Inherited Causes of Heart Murmurs
A pathological heart murmur can be the first indication of an inherited heart condition affecting the heart’s structure. These conditions involve the inheritance of an underlying genetic defect that causes turbulent blood flow, not the sound itself. Many congenital heart defects (CHDs) cause murmurs and have a significant genetic component.
Most CHDs are multifactorial, arising from a combination of genetic and environmental factors, but specific defects have clearer inheritance patterns. For example, septal defects, often called “holes in the heart” (like VSDs or ASDs), can be inherited. A bicuspid aortic valve, a condition where the aortic valve has two leaflets instead of the usual three, often runs in families.
Genetic syndromes affecting connective tissue can lead to murmurs by weakening heart structures, particularly the aorta and valves. Marfan syndrome, for instance, can cause the aortic valve to enlarge, leading to a murmur from blood flowing backward. Hypertrophic cardiomyopathy (HCM) causes the heart muscle to thicken, which obstructs blood flow and creates a murmur. Mitral valve prolapse, a condition causing a murmur, may also have a genetic basis.
Non-Inherited Causes and Acquired Conditions
A pathological heart murmur does not automatically imply a genetic risk, as many are acquired later in life. In adults, abnormal murmurs are frequently related to heart valve damage that develops over time. Calcium deposits, which accumulate with age, can cause the heart valves to become stiff and narrow, a process called degenerative valve disease.
Infections are a common cause of acquired murmurs, such as endocarditis, an infection of the heart’s inner lining and valves. Historically, rheumatic fever, a complication of untreated strep throat, was a major cause of acquired murmurs by damaging the heart valves, a condition known as rheumatic heart disease.
Conditions that temporarily increase blood flow, such as anemia, an overactive thyroid gland, or high blood pressure, can also cause pathological murmurs that are not inherited.
When to Seek Genetic Counseling
If a heart murmur is diagnosed, especially a pathological one, a thorough evaluation of personal and family medical history is the next step. This involves a cardiologist or genetic counselor gathering information, often looking back three generations for any history of heart defects, early-onset heart attacks, or sudden unexplained deaths. Diagnostic testing, such as an echocardiogram, is used to visualize the heart’s structure and confirm the cause of the murmur.

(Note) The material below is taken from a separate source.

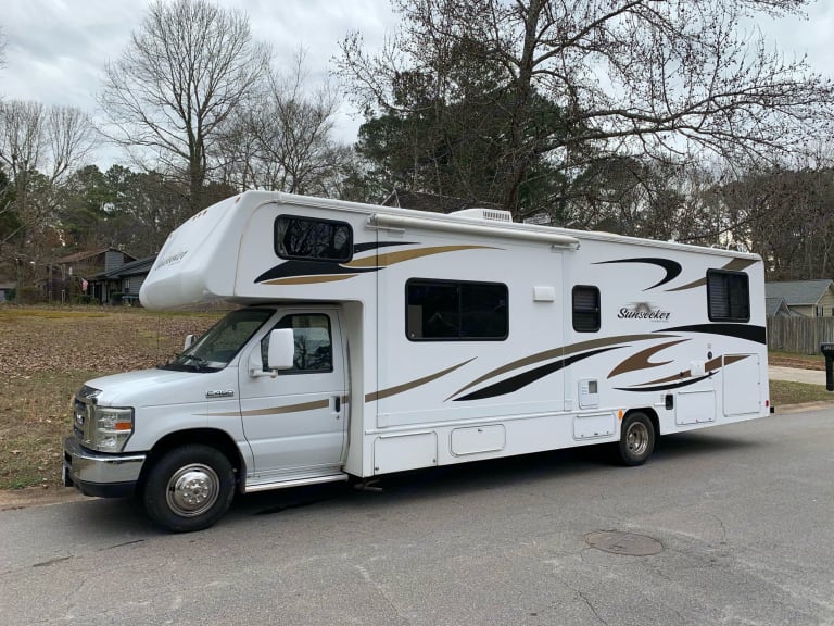 Well taken care of Sunseeker. Twin bunk over cab, single bunk beds and queen in the master. Couch and table also turn into beds but most would find them too uncomfortable. Master has a memory foam topper on it and I swear I sleep better on it than my house!A clean set of sheets will be on the master with a few extra blanketa. Pillows and sleeping bags or blankets for anywhere else will be your responsibility.Fair warning: I always have my German Shepherd with me when I use it so there may of course be a stray dog hair or three, so people with super allergies be aware. When I clean it I try to make it look and smell like he’s never been in there. But they’re not nick named German Shedders for a reason. Again i try very hard to leave no trace of him. Your animal is very welcome but you’ll of course be responsible for any accidents or damage.Three TV’s with DVD players and a sound system / radio. Even a car style radio in a hatch outside under the awning! I personally just use the TV antenna for digital over-the-air for news, weather and Andy Griffith reruns. But you’re not in the house, shouldn’t be watching TV anyway. Ha ha.Kitchen is very useful with the quickest microwave in the universe, three burner stove and oven. I personally don’t like the taste of hose / tank water so I get the 2.5 gallon jugs with spouts and leave them on the counter. There are pots, pans, cooking utensils and a few bowls. I will stock the cabinet with paper plates, plastic utensils and cups. If you do anything other than microwave I just ask you to please clean after yourselves, especially bacon!I usually leave a fold up table and two fold up plastic chairs in the under storage. I’m learning what people want so if you have a request of something I’ll see if I have it.Generator is one of the quiet ones but you won’t want to use it all the time. Power is 30 amp and the cord is about 12’. I also have a 20’ extension and the adapter to plug into 50 amp. In the storage is also a hose for the water hookup and a coax of the RV park has cable.There is a dump hose and washout but I don’t expect you to dump the “black” tank. If you want to I’m not going to stop you and will say “ thank you” followed by a hand shake (after you assure me you’ve washed it! Ha ha).RV drives great. Good power. Horrible mileage but the same you’d get from anything else this size. 10-12 mpg is about average. Less of you’re towing. Has a huge fuel tank! It’ll be full when you pickup and I ask that it’s full when you drop it off. If you’re running late I’ll estimate a fill-up.Only issues: and I don’t mind telling you as I want you to be super satisfied and not have any surprises!! Toilet doesn’t flush great. Never has. It works just doesn’t have a lot of water pressure. It’s always been that way. I keep a jug in the bathroom that I fill from the tub when needed.

If an inherited heart disease is suspected or confirmed, genetic counseling is recommended for the patient and their first-degree relatives. First-degree relatives (parents, siblings, and children) have a 50% chance of inheriting a single-gene variant that causes a heart condition. Genetic testing can identify a specific mutation, allowing for targeted screening of asymptomatic family members. This proactive approach helps determine who is truly at risk and allows for earlier intervention to prevent serious complications.